Published on 14 March 2017

Healthcare professionals have highlighted that the onset of type 2 diabetes, or a rapid deterioration in people that have the condition could be an early warning sign of pancreatic cancer.

Researchers found that almost half of people with type 2 diabetes that had pancreatic cancer were diagnosed within one year of being diagnosed with type 2 diabetes.

The study looked at almost 1 million people with type 2 diabetes in Lombardy (Italy) and Belgium. Findings of the study by researchers in France were presented at the European Cancer Congress 2017 (ECCO) recently.

Alice Koechlin, from the International Prevention Research Institute in Lyon, France, who carried out the study, said: “In Belgium 25% of cases were diagnosed within 90 days and in Lombardy it was 18%. After the first year, the proportion of diagnosed pancreatic cancers dropped dramatically.”

Researchers found that people with type 2 diabetes who were able to continue with oral anti-diabetic drugs, patients in Belgium and in Lombardy were more likely to be diagnosed with pancreatic cancer in the first three months after their first prescription for incretins (metabolic hormones that stimulate the pancreas to produce more insulin to lower blood glucose levels). Over time this risk fell after the first year of being diagnosed with type 2 diabetes.

Among people who already had type 2 diabetes and were managing the condition with oral anti-diabetic drugs, the switch to incretins or insulin happened faster among people with type 2 diabetes who were subsequently diagnosed with pancreatic cancer. In addition, a deterioration in their condition was linked with a higher risk of being diagnosed with pancreatic cancer.
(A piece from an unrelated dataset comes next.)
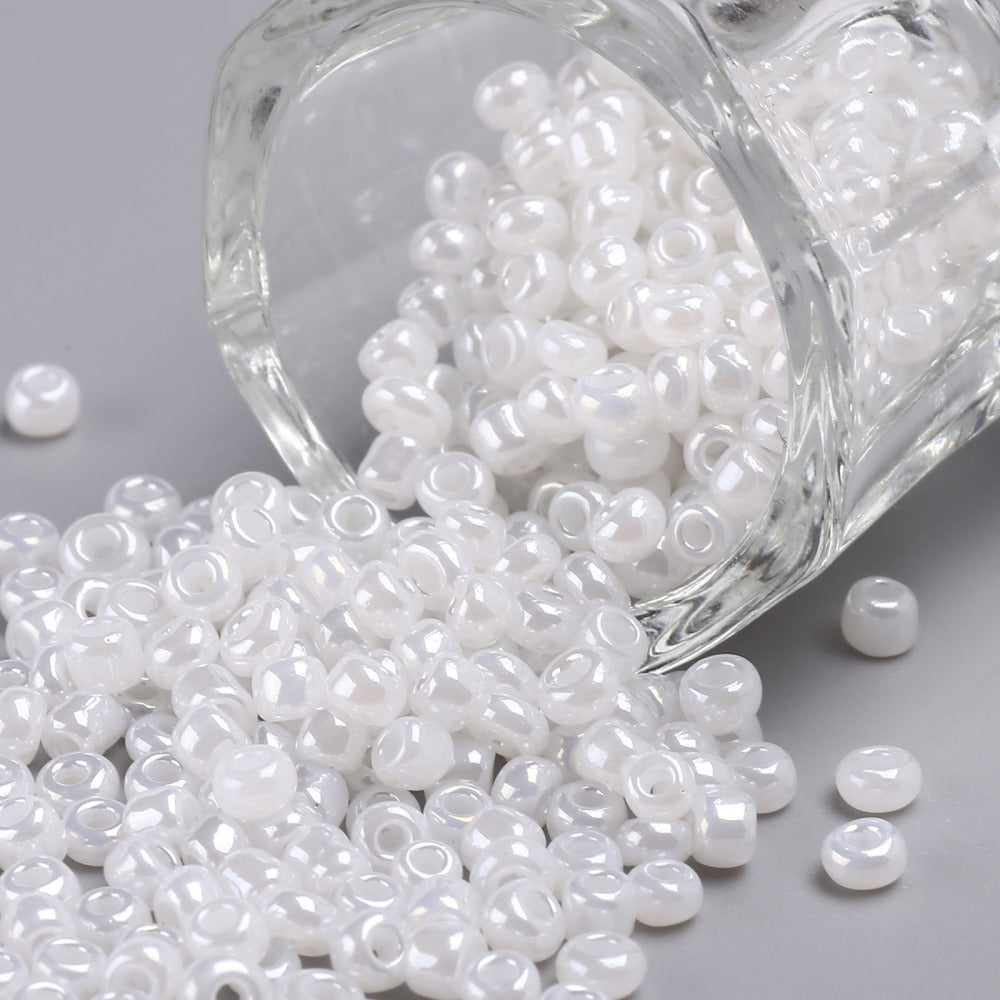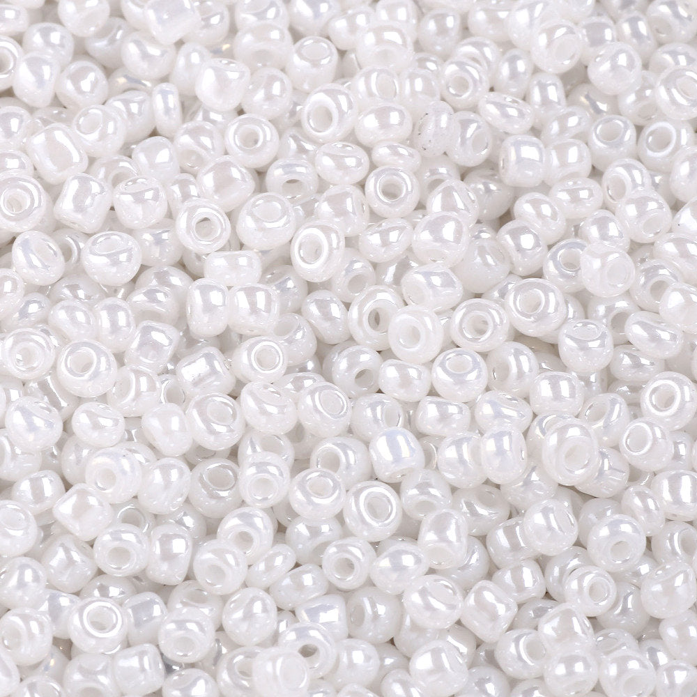 White Glass Seed Beads Ceylon - Pearl Lustre finish.

Professor Philippe Autier, from the International Prevention Research Institute and co-author of the study, added: “Although it has been known for some time that there is an association between type 2 diabetes and pancreatic cancer, the relationship between the two conditions is complex.

“Doctors and their patients with diabetes should be aware that the onset of diabetes or rapidly deteriorating diabetes could be the first sign of hidden pancreatic cancer, and steps should be taken to investigate it.”
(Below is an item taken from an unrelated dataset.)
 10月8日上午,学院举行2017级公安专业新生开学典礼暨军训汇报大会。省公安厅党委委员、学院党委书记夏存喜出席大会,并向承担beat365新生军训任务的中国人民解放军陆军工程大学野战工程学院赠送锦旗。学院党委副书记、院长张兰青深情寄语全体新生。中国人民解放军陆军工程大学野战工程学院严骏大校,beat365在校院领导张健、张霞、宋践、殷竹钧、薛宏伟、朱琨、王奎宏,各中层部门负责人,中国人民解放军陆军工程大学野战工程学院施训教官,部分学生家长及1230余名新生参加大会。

Ms Koechlin added: “There is currently no good, non-invasive method for detecting pancreatic cancer that is not yet showing any visible signs or symptoms. We hope that our results will encourage the search for blood markers indicating the presence of pancreatic cancer, which could guide decisions to perform a confirmation examination like endoscopy.”
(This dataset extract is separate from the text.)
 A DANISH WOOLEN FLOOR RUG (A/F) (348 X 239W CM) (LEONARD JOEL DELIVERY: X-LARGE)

Pancreatic cancer is difficult to detect at an early stage and there are few effective treatments for it. Less than 1% of people live for 10 or more years after a diagnosis. In Europe around 104,000 new cases were diagnosed in 2012 and approximately the same number of people died from it. Worldwide there were an estimated 338,000 cases of pancreatic cancer diagnosed in 2012 and 330,000 people died from it.

Professor Peter Naredi, from the Sahlgrenska Academy, University of Gothenburg, Sweden and Chair of the Congress and President of ECCO, who was not involved with the research, said: “Due to the severity of pancreatic cancer and because only a minority of cases are detected at a curable stage, we must find better ways for early detection. Some advances have been made in the search for blood biomarkers. This study opens up the possibility to combine the diagnosis of an associated disease, type 2 diabetes, with blood biomarkers. It is a step in the right direction if we can increase the proportion of early diagnosed pancreatic cancers.”

An NHS Behind the Headlines report on the study concluded: “Among people with type 2 diabetes, diagnosis of pancreatic cancer was linked with recent onset of diabetes or rapidly deteriorating diabetes. This suggests these could both be potential warning signs of hidden pancreatic cancer and indicate the need for more investigations.

“It’s not possible to say whether the findings could lead to more in-depth investigation of people with newly diagnosed or rapidly progressing diabetes, or whether this could make earlier pancreatic cancer diagnosis and improved survival rates possible.”